Dès le grand Bi, la bicyclette devient aérienne, féminine, légère. Là encore la fonction prime mais quelques détails révèlent néanmoins un souci d’élégance (travail de la forme des guidons, forme des selles…).

La transmission par chaîne

La hantise des chutes impose le besoin d'engins plus proche du sol. La première bicyclette(3), (officiellement baptisée ainsi car plus petite que le grand Bi) équipée d'un système de transmission de la force du pédalage par "chaîne" du pédalier vers la roue arrière, aurait été inventée en 1879 par un certain Henry J. Lawson.
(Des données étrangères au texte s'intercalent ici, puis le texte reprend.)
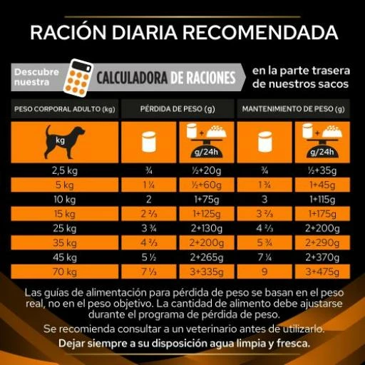 | Peso del perro | Pérdida de peso | Mantenimiento del peso |
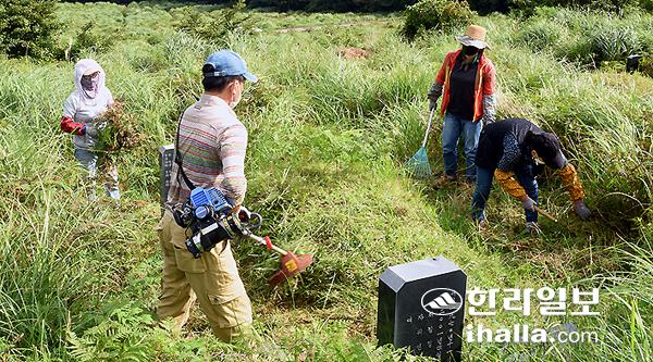 28일 제주시공설공동묘지를 찾은 벌초객들이 조상의 산소 주변에 자라난 풀을 베고 있다. 이상국기자

Incapable de monter sur un Grand Bi vu sa petite taille, il conçoit un système de traction arrière activé par une chaîne sur des roues de 1 m de diamètre à l’avant et de 61 cm à l’arrière ce qui rend la machine plus fiable et maniable mais son invention, pendant que la popularité du Grand Bi est en plein essor, ne connaît pas de succès commercial.
C'est en 1884, que John Kemp Starley, neveu de James, met sur le marché le "Rover Safety Bicycle", ou la bicyclette de "sureté", car plus sûre que le Grand Bi. Avec le "Rover", LA bicyclette moderne est née.
 
Par la suite, les autres fabricants reviennent eux-aussi à des dimensions plus raisonnables. Le modèle Whippet à roues égales (ci-contre) s'impose vers la fin des années 1880.
(3) Bicyclette ou vélo
Le terme "bicyclette" est né en Angleterre, découlant du vocable bicycle, auquel on a accolé un diminutif de nature française. Toutefois le mot bicyclette n'a pas été forgé par Lawson, ainsi qu'on le dit souvent. En tout cas, il n'apparaît pas dans son brevet de 1897. Ce n'est que plus tard qu'on le trouvera sur des catalogues avec "The Rudge Bicyclette Dwarf Safety". Exporté, le terme trouvera son succès en France."      
Bien que le terme « vélocipède » fut attribué dès la fin du 19e  à l’engin des frères Michaux (de véloce = rapide et pède = pied), c’est le terme bicyclette qui prédomina en France jusqu’à l’arrivée du diminutif « vélo » dans les années 1980.


le rover
Un nouveau rapport cadre / roues

La taille des roues diminuant, la forme arrondie perd sa prépondérance dans la silhouette du vélo : les tubes de liaison entre les roues deviennent en contre coup plus visibles.
L’arrivée du pédalier crée une certaine confusion dans la forme : à l’équilibre initial des deux roues se superpose une troisième « roue » (le pédalier) plus petite mais non centrale. Curieusement, cette arrivée du pédalier fige la silhouette du vélo (à comparer avec la variété des propositions des différentes draisiennes et des vélocipèdes) : ci-contre un vélo dans une réclame de 1903.